Central to the Transformer architectures' effectiveness is the self-attention mechanism, a function that maps queries, keys, and values into a high-dimensional vector space. However, training the attention weights of queries, keys, and values is non-trivial from a state of random initialization. In this paper, we propose two methods. (i) We first address the initialization problem of Vision Transformers by introducing a simple, yet highly innovative, initialization approach utilizing discrete cosine transform (DCT) coefficients. Our proposed DCT-based \textit{attention} initialization marks a significant gain compared to traditional initialization strategies; offering a robust foundation for the attention mechanism. Our experiments reveal that the DCT-based initialization enhances the accuracy of Vision Transformers in classification tasks. (ii) We also recognize that since DCT effectively decorrelates image information in the frequency domain, this decorrelation is useful for compression because it allows the quantization step to discard many of the higher-frequency components.
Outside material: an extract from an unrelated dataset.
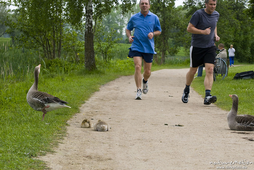 Graugans, Anser anser, Anatidae, Alttiere und Küken sitzen ...

Based on this observation, we propose a novel DCT-based compression technique for the attention function of Vision Transformers. Since high-frequency DCT coefficients usually correspond to noise, we truncate the high-frequency DCT components of the input patches. Our DCT-based compression reduces the size of weight matrices for queries, keys, and values. While maintaining the same level of accuracy, our DCT compressed Swin Transformers obtain a considerable decrease in the computational overhead.